Introduction

Suppose, you are a consultant at a education development agency. You are given a data file college.csv which you need to use to answer some business problems.

Packages

Load required packages:

library(tidyverse)
theme_set(theme_minimal())  # sets a theme for ggplot2

Data

college <- read.csv("Data/college.csv")

Question 1 (2 points)

Filter all colleges that are private and have an average SAT score greater than 1100. For these filtered colleges, calculate the average admission rate and median debt.
Hint: Use filter() and summarise() from dplyr.

Avg_admission_rate Median_debt
0.5552191 25000

Question 2 (2 points)

Group the colleges (use all data, not the filtered data from question 1) by region and calculate the average tuition and average faculty salary for each region.

Hint: Use group_by() and summarise().

region Avg_tuition Avg_faculty_salary
Midwest 22114.78 7059.065
Northeast 25297.97 8755.258
South 17263.13 7036.401
West 21430.99 8709.639

Question 3 (2 points)

Find the top 10 colleges with the highest admission rate in the dataset. Display only the college name, city, state, and admission rate.

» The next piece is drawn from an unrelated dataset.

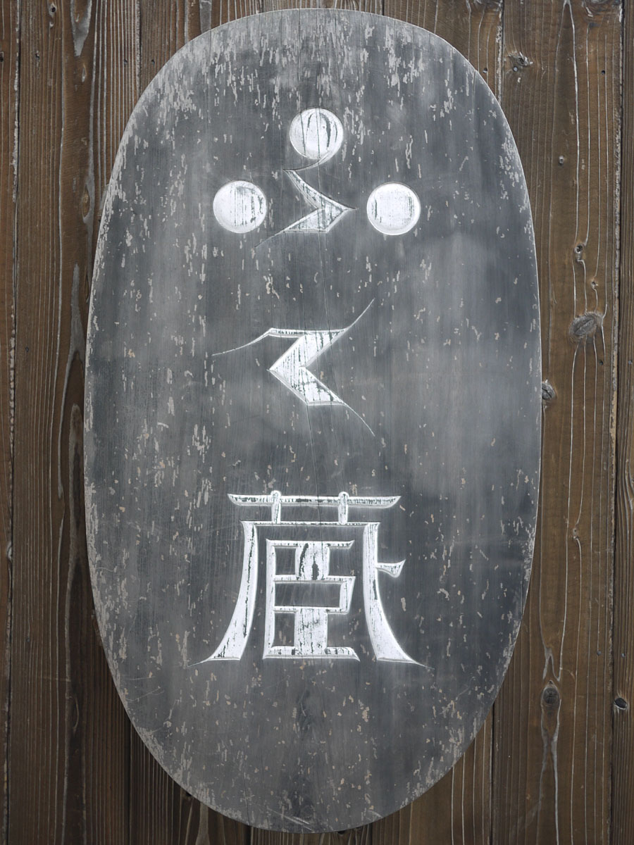 さて、駐車場からその橋を渡って、酒蔵の間を進んでいくと、左手に酒蔵を改築した、目的の「ふく蔵」が見えてきます。

Hint: Use arrange() and slice_head(n = 10) to get the top 10. See help to understand how slice_head() function works.

name city state admission_rate
Southeastern Bible College Birmingham AL 1
Adventist University of Health Sciences Orlando FL 1
Trinity International University-Illinois Deerfield IL 1
Saint Mary-of-the-Woods College Saint Mary of the Woods IN 1
Cleveland University-Kansas City Overland Park KS 1
University of Pikeville Pikeville KY 1
Calvary Bible College and Theological Seminary Kansas City MO 1
Montana State University-Northern Havre MT 1
Cleveland State Community College Cleveland TN 1
The King’s University Southlake TX 1

Question 4 (2 points)

Create a scatter plot that shows the relationship between tuition and average faculty salary for all colleges. Use control (Private/Public) to color the points.

Hint: Use ggplot2 to create the plot and color points by control.

Question 5 (2 points)

Filter the colleges in West and South region where the loan default rate is below 0.1 and plot a bar chart showing the count of such colleges by control.

Hint: Use filter() from dplyr and geom_bar() in ggplot2.

Question 6 (Bonus 2 points)

Find the top 10 states with the highest number of undergraduates enrolled. Visualize it in a bar chart.

Hint: Use group_by(state) and summarise() to calculate the total, and then arrange() to rank them. Use geom_col() to visualize.